You're welcome @tpapp, and thank you for providing the fully functional example. Your code works perfectly fine, I will make only one conceptual remark. Since v is a vector holding 3 elements, namely the states for :ss, :N and :σ_log (in that order, which is the same order in which they appear in the input argument [Constant(:ss), Constant(:N), σ] of likelihood_model()), it would then make sense to define (ss, N) = v[1:2]. This is only a clarification. Otherwise, your statement (ss, N) = v is legitimate Julia syntax and achieves the exact same result.

tpapp commented 7 years ago

@scidom: Thanks for the correction. I have to admit that I am confused by the design decisions for v, and why it holds both the parameter and the data — possibly because they are all nodes? In any case, I found that I can use closures to pass in data, which allows me to use constructs that don't map well to Vector, such as composite types and Dicts. Here is an MWE using Dict:

using Klara

srand(42)
true_θ = 0.3
y = rand(Float64, 100) .≤ true_θ
counts = Dict(z => count(x -> x == z, y) for z in [0,1])

"Log posterior in terms of θ_raw ∈ ℝ, which is mapped to θ ∈ (0,1)."
function θ_raw_logtarget(θ_raw, counts)
    z = exp(-θ_raw)
    θ = 1/(1+z)
    jac = θ*z/(1+z)
    counts[0]*log(1-θ) + counts[1]*log(θ) + jac
end

θ = BasicContUnvParameter(:θ_raw,
                          logtarget=θ_raw->θ_raw_logtarget(θ_raw, counts),
                          autodiff=:forward)
model = likelihood_model([θ]; isindexed=false)
inits = Dict(:θ_raw => 0.0)
job = BasicMCJob(model, NUTS(), BasicMCRange(nsteps=2000, burnin=1000), inits)

run(job)
chain = output(job)
ess(chain)
θ_posterior = logistic.(chain.value)
mean(θ_posterior)

Of course this I could do using Vector. But in my actual problem, I am counting paths for a Hidden Markov Chain, so Dict is more natural. I find mapping things to and from v a bit error prone.

papamarkou commented 7 years ago

@tpapp, exactly, the motivation is that all variable types, which includes parameters, constants and data, are regarded and treated as nodes of a graphical model.

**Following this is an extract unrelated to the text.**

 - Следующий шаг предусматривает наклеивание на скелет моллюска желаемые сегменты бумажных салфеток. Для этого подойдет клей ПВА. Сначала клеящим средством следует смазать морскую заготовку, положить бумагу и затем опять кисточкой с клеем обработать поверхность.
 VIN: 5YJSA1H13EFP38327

The basic rule for the definition of your second input argument v is that it always has the same order of elements as the one used for defining likelihood_model(), and this is the only rule that permeates the definition of v, irrespectively of how many parameters you might have in the model.

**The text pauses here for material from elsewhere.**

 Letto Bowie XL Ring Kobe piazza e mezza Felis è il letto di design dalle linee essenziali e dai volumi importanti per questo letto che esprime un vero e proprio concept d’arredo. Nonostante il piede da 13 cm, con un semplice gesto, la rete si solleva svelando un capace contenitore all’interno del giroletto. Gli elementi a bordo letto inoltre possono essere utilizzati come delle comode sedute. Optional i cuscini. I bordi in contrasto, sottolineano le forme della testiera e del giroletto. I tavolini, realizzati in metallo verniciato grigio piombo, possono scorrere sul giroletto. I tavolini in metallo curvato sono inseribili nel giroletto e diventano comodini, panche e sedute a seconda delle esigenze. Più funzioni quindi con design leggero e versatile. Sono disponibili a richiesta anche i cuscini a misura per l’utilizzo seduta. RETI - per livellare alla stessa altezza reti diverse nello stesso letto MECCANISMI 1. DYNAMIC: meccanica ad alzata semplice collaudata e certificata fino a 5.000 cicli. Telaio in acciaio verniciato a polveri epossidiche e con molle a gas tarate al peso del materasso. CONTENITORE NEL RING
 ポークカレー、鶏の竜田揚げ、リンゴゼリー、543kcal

If you would like to know a bit about the motivation, ForwardDiff does not differentiate with respect to an element of a vector, this is why I can't just pass v, but instead always pass the first argument to be (possibly) differentiated, which is σ_log in your example, and then use a second input argument v that adheres to the order of components in the likelihood_model() definition.

It is true that you can simply define a closure that reads some of the arguments in its body from the outer scope. This will work fine in an example as the one you provided and you won't need to necessarily define a second argument to your log-target. When the graphical model scales, it becomes less feasible to rely on closures.

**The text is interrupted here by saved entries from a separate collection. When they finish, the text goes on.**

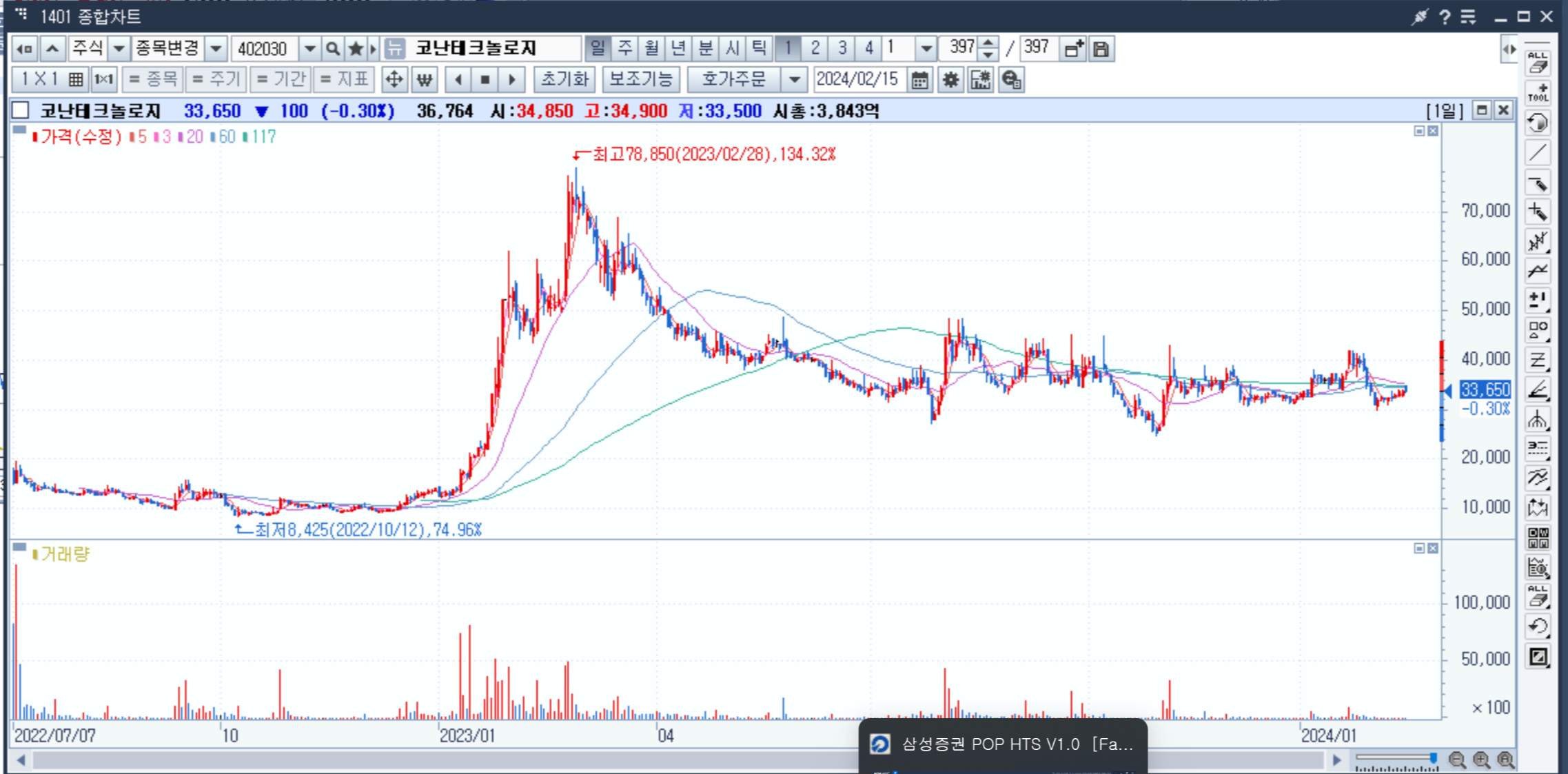 2022년 상장 이후부터 장기시계열의 차트입니다 .
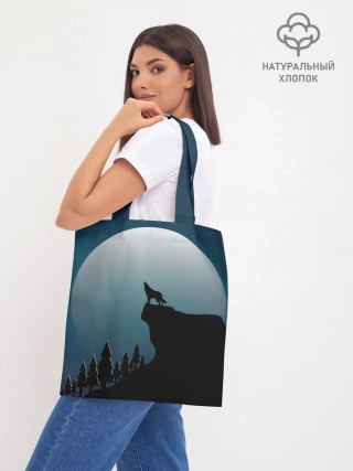 Рюкзак джинсовый / ВОЛК И ЛУНА 3D
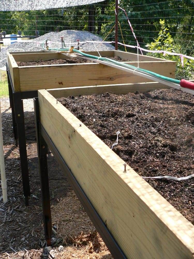 As you can see, the metal supports didn’t allow for the boxes to be at exactly the same level as the others. We settled for LEVEL at whatever height that was. You can also see here that I need to mix more Mel’s Mix tonight to fill up the third box. I also need to spread wood chips under the three raised bed boxes.
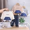 Spring New Korean Version T-shirt Children's Spring And Autumn Sweater Children's Clothing Baby Cartoon Rest Denim Pants Set

I initially thought of using a dictionary as a second argument v instead of a vector. However, for moderate to larger models (i.e. as the dictionary grows), the performance penalty becomes an issue. I chose to favor performance in the design stage, considering that the rule to match the order of elements in v to the order of arguments passed to the first argument of likelihood_model() is not a complicated rule (I agree that this requires some typing attention in order to ensure the order is preserved, while it provides a runtime benefit).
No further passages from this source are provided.